Il y a en fait une forme d’accord tacite pour assurer, sur ces questions méthodologiques qui sont centrales et stratégiques, un service minimum. En effet, force est de constater qu’il y a loin d’avoir, au sein du conseil stratégique de l’Agence une vision solidement partagée sur ce que doit être l’évaluation, qu’elle soit interne ou externe[6]. Aucun des acteurs présents n’a pris l’initiative d’un débat clair pourtant indispensable, même s’il n’est pas sans risque. Les accords passés sur les questions de méthodologie et de finalité évaluatives ne sont largement que de façade dès lors que chacun peut s’en exonérer.
Ce contexte ne peut qu’encourager, par exemple, les tenants des certifications (que ce soit le modèle sanitaire pour la FHF ou le modèle commercial pour le SYNERPA) non seulement à faire valoir leurs points de vue mais surtout à se sentir libre, dans les faits, de développer leurs propres logiques en toute impunité.
Quelques regroupements ont même été jusqu’à se faire habiliter en vue de réaliser des évaluations externes, faisant, dans leurs bulletins, de la communication pour que leurs adhérents fassent appel à eux.[7] Certains de ces regroupement ont d’ailleurs fait machine arrière en demandant à mettre fin à leur habilitation compte tenu des contradictions dans lesquelles cette situation les plaçaient.
Conclusion
Ces faiblesses dans la construction d’une doctrine pèsent sur la qualité des évaluations conduites. Malgré des délais qui se raccourcissent l’Agence peut encore agir pour « déterminer les principes fondamentaux garantissant la qualité des procédures suivies en matière d’évaluation interne et externe et assurant leur articulation et complémentarité ».[8] La Dgcs aussi bien sur.
Ce besoin de clarification et de consolidation est d’autant plus nécessaire que la situation actuelle va peser sur la qualité et le traitement des rapports d’évaluation externe.
[1] La première partie de ce billet est parue le 22 avril 2013 (billet de la semaine).
[2] Décret du 15 mai 2007, cahier des charges, chapitre 1er, section 1, article 1.1.
[3] Notamment lors d’un colloque organisé en Rhône Alpes le 26 avril 2012 (position reprise dans le compte rendu écrit de cette manifestation).
[4] Note à l’attention des membres du comité d’orientation stratégique, décembre 2009. Toujours disponible sur le site de l’Anesm dans la rubrique « évaluation externe ».

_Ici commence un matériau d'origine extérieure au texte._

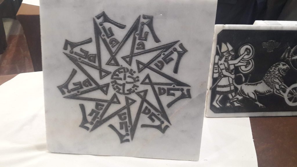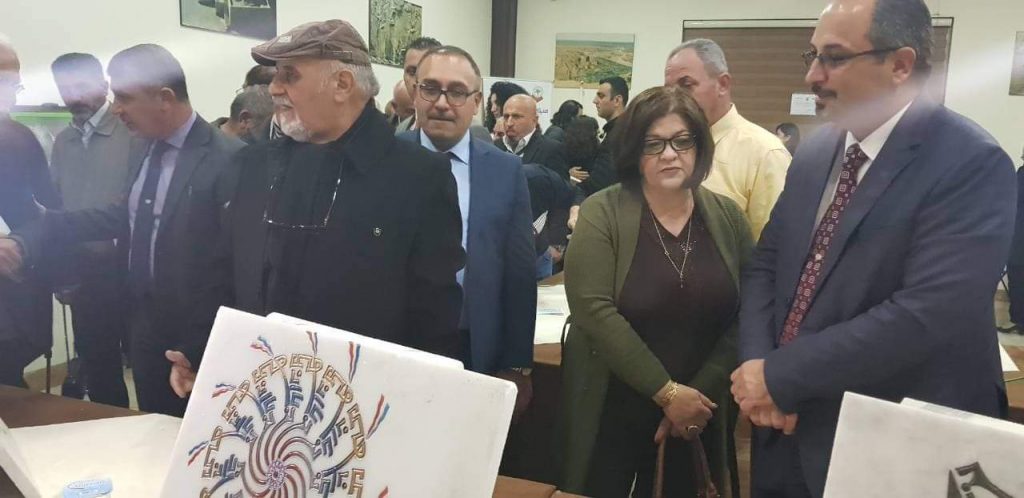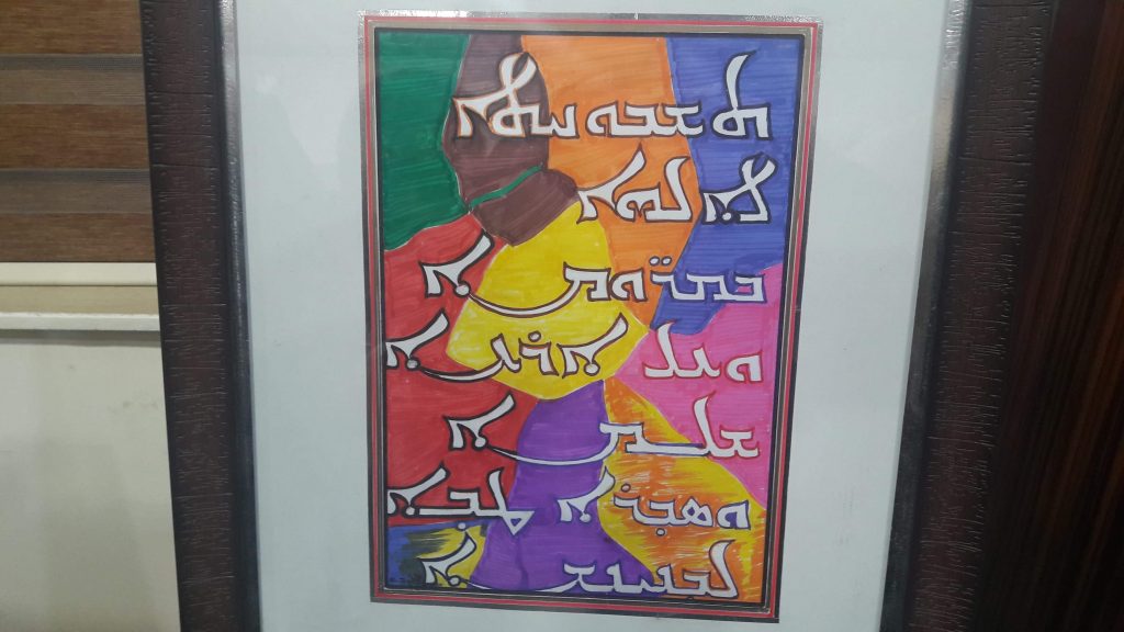 وفي ختام الجلسة الحوارية تم افتتاح المعرض الفني للخط السرياني والذي أقامه الفنان الن شموئيل والذي تضمن عرض العديد من اللوحات والاعمال الفنية للخط باللغة السريانية.

[5] Ajoutons que, juste après la publication par l’Anesm d’une recommandation relative à l’évaluation interne dans les Ehpad en février 2012, à laquelle la FHF a participé, cette dernière à proposé à tous les Ehpad publics d’utiliser un autre référentiel élaboré par la FHF et mis gratuitement à disposition, référentiel quelque peu éloigné de la recommandation de l’Anesm. Il n’y a eu, jusqu’à ce jour, aucune réaction.
[6] Le guide de l’évaluation interne produit en 2006 par l’ancien Cnesms, pour intéressant qu’il soit ne peut constituer la seule référence.
[7] L’une d’entre elles, regroupant des directeurs, alla même jusqu’à leur conseiller de régler leur cotisation avec un compte personnel pour contourner la réglementation sur les conflits d’intérêt qui ne porte que sur les établissements et services, non sur les personnes.
[8] Convention constitutive du GIP Anesm, article 4.